Abstract
TRANSFAC is a database on transcription factors, their genomic binding sites and DNA-binding profiles (http://transfac.gbf.de/TRANSFAC/ ). Its content has been enhanced, in particular by information about training sequences used for the construction of nucleotide matrices as well as by data on plant sites and factors. Moreover, TRANSFAC has been extended by two new modules: PathoDB provides data on pathologically relevant mutations in regulatory regions and transcription factor genes, whereas S/MARt DB compiles features of scaffold/matrix attached regions (S/MARs) and the proteins binding to them. Additionally, the databases TRANSPATH, about signal transduction, and CYTOMER, about organs and cell types, have been extended and are increasingly integrated with the TRANSFAC data sources.
INTRODUCTION
Gene regulation is still a major issue of molecular biology, and several new methodologies enable us to globally characterize gene expression patterns and profiles at a phenomenological level. However, the number of organs/cell types, developmental stages and conditional factors is so huge that we cannot expect all combinations of them to be exhaustively characterized by specific experimental setups. Therefore, there is a great need for comprehensive tools for the in silico identification of genomic signals that govern gene regulation events, and this requirement increases with the number of genomes that have been sequenced completely and are now to be exploited for biotechnological, pharmaceutical, agricultural or other purposes.

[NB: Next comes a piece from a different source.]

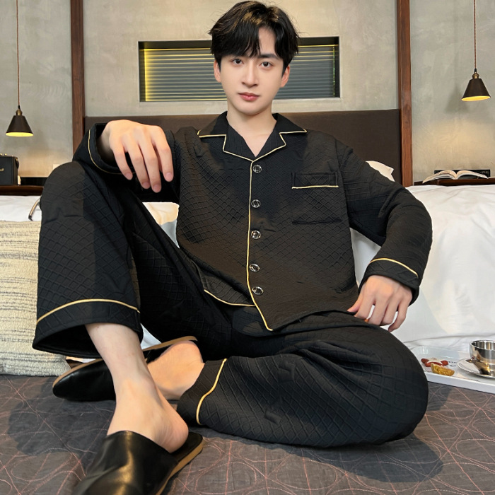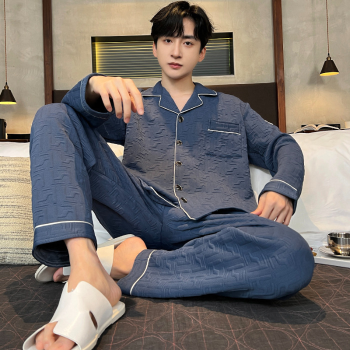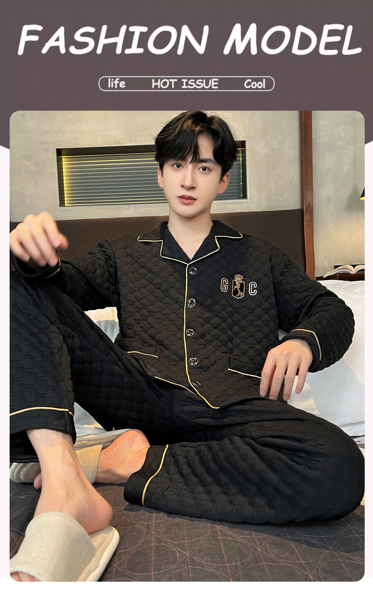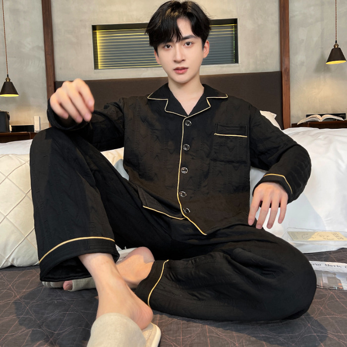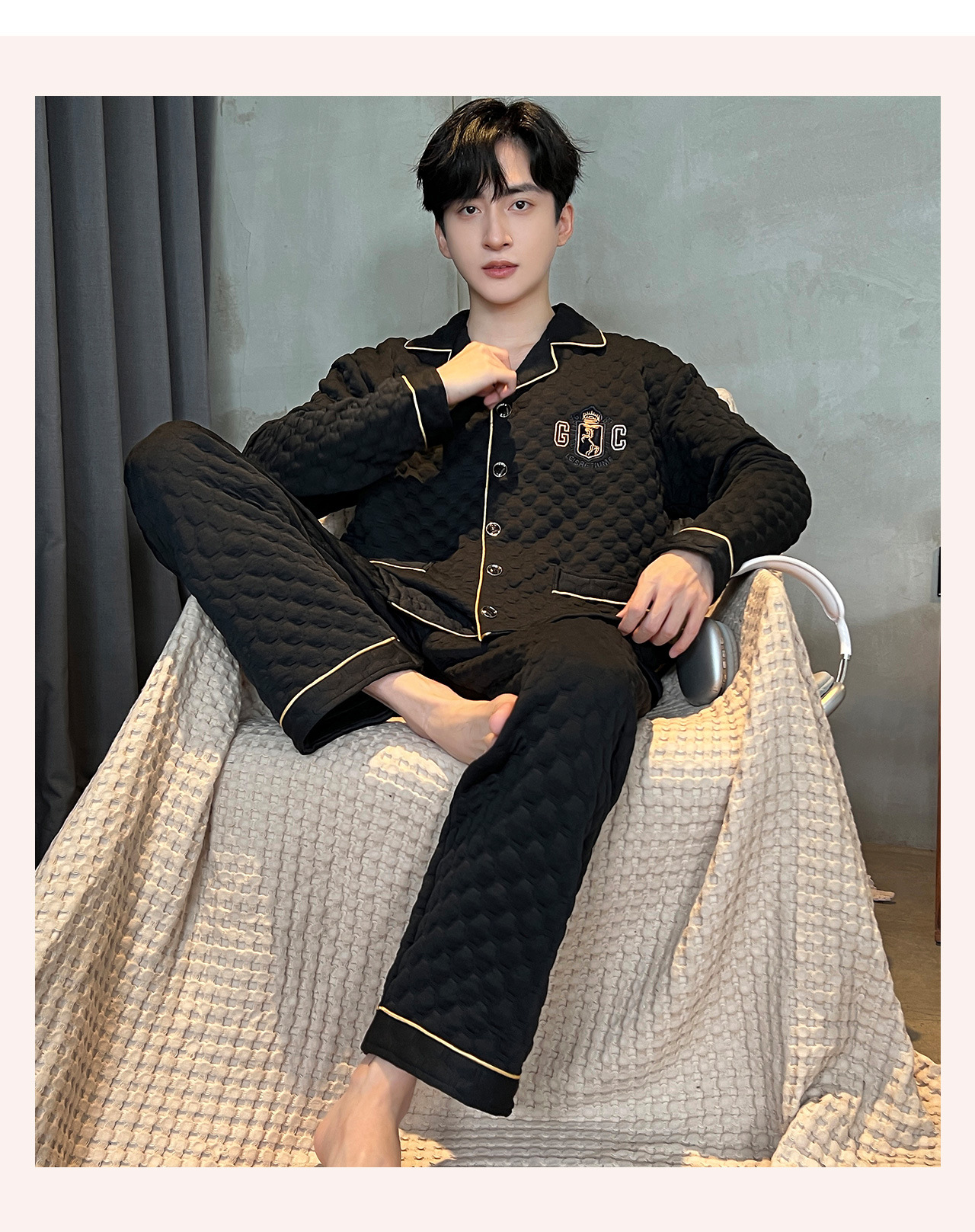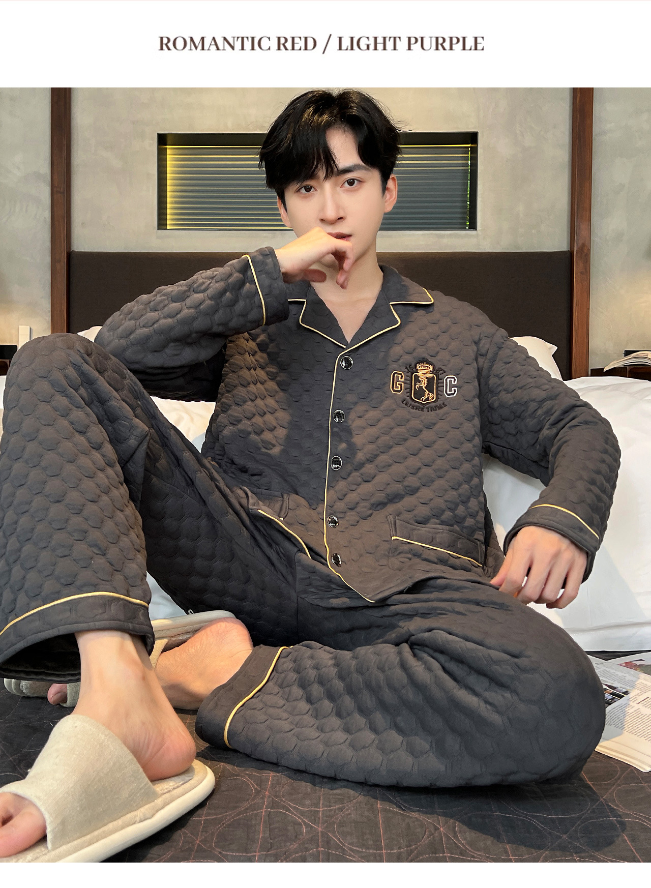 에어 코튼 파자마 남자의 가을과 겨울 두꺼운 샌드위치 따뜻한 카디건 긴팔 플러스 사이즈 아웃웨어 세트스토어 가기

For these reasons, more than a decade ago we began to compile information about cis-regulatory DNA sequences and trans-acting factors (1). This compilation was transferred into a computer-readable format and released as an EMBL-like ASCII flat-file for public use as TRANSFAC database (2). Since then, it has been reorganized as a hierarchical and, subsequently, a relational database (3,4), increasingly linked with other databases allowing its integration into DBGET (5) and SRS (6,7). A major breakthrough was achieved by linking it with TRRD (Transcription Regulatory Region Database) (8) and by connecting the database COMPEL on composite regulatory elements (9). Additional database modules have been developed more recently, devoted to signal transduction pathways and organs/cell types (10). In the present contribution, the status of these modules along with that of TRANSFAC will be outlined, and two additional TRANSFAC supplements will be described that provide data on pathologically relevant gene regulatory components (PathoDB) and on scaffold/matrix attached regions, S/MAR (S/MARt DB).
THE TRANSFAC DATABASE
Content of TRANSFAC
The underlying relational database system internally comprises two main tables, SITE and FACTOR. Nearly all other tables (a total of 50 tables) are linked directly or indirectly to one or both (such as REFERENCES) of these two. Of particular importance is the MATRIX table which represents DNA binding profiles for individual or groups of transcription factors and, therefore, is properly linked to the FACTOR table. The data structure of the relational system has changed slightly in that an additional table has been introduced linking MATRIX entries with their corresponding training sequences. These sequences have been incorporated into the SITE table (10), and are now explicitly listed in the individual MATRIX entries of the flat-file version as well.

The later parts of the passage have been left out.